Queste sono senz’altro le voci più significative, anche se non le uniche, delle erogazioni assistenziali che lo Stato fa gestire all’Inps e che in parte risarcisce con opportune trasfusioni di sangue. Perché insisto sull’aspetto assistenziale e non previdenziale dei trattamenti sopra elencati? Perché quando si parla del ritorno in rosso del bilancio Inps si tende a fare di tutta l’erba un fascio, senza distinguere tra previdenza e assistenza, col rischio di promuovere interventi di risanamento dei conti a carico dei lavoratori dipendenti, stabili o precari, in termini di allungamento della vita lavorativa o di restrizione delle prestazioni. Se è giusto che siano fatti i ritocchi già ricordati su anzianità ed età delle donne, soprattutto per un’esigenza di solidarietà ed equità intergenerazionale, nel caso dell’assistenza la correzione degli squilibri va fatta o riducendo le prestazioni (sappiamo bene che vi sono diffusi sprechi, si pensi alle pensioni di invalidità) o ricorrendo alla fiscalità generale, cioè alle imposte dirette e indirette che vengono prelevate a tutti, indipendentemente dalla loro collocazione nel mondo del lavoro.

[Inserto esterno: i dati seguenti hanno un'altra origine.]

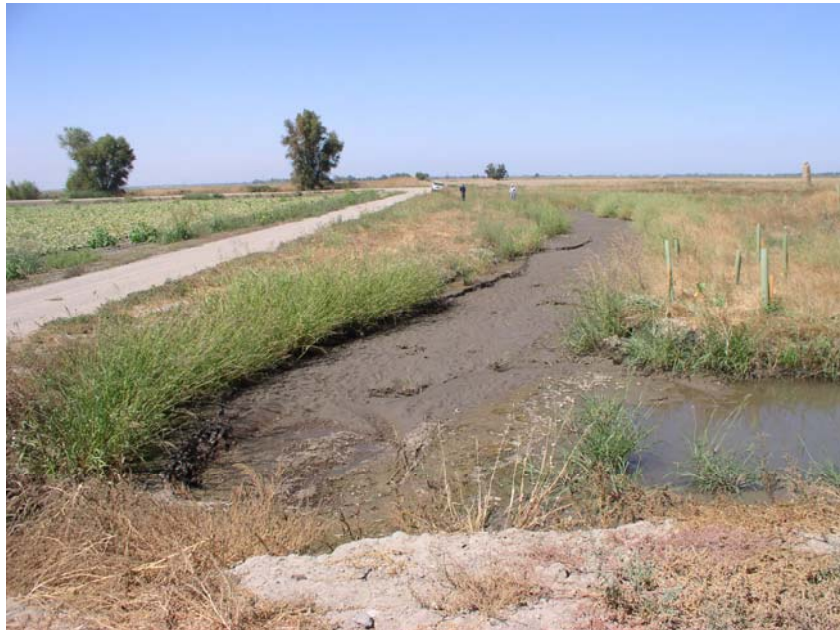
Figure 2 Sediment accumulated in trap.

Near the end of the second growing season after the pond was installed, the landowner reported that there was a danger that the sediment trap would overflow. The trap did not overflow, but by the end of the season the tailwater was running in rivulets over the top of an accumulated mass of sediment. Figure 2 is a photo of the trap at the end of the growing season. The bulk of the sediment came from a tomato field that drained into the downstream arm of the trap. Erosion was evident in the tailwater ditch at the end of this field and in the ends of the furrows where head cutting had occurred. Winter wheat had been grown in this field the previous year, and there had been no evidence of erosion in the field or of sediment accumulation in the trap.

Un esempio: sarebbe giusto che gli assegni di accompagnamento ai non vedenti fossero pagati solo dai lavoratori dipendenti e non dai pensionati, dai detentori di azioni e titoli pubblici, dagli imprenditori, dai possessori di patrimoni, insomma dai cittadini in generale? Evidentemente no. Eppure, quando si parla dei conti Inps la confusione tra previdenza e assistenza si ripropone in continuazione, anche da parte di esperti che sanno benissimo che “la quota (di erogazioni, ndr.) da finanziare con la fiscalità generale raggiunge i 75 miliardi di euro (circa 5 punti del Pil)” (Brambilla dixit). Sono soldi che in larghissima misura vengono trasferiti dallo Stato alle casse dell’Inps. E così deve essere. Chiediamoci piuttosto se il paese è sufficientemente ricco per potersi permettere di saldare questa spesa o non debba pensare a ridurla. E come fare per tagliare qualche miliardo senza toccare quelle prestazioni di minima civiltà e solidarietà verso i cittadini meno fortunati, incomprimibili da parte di una delle prime potenze economiche mondiali.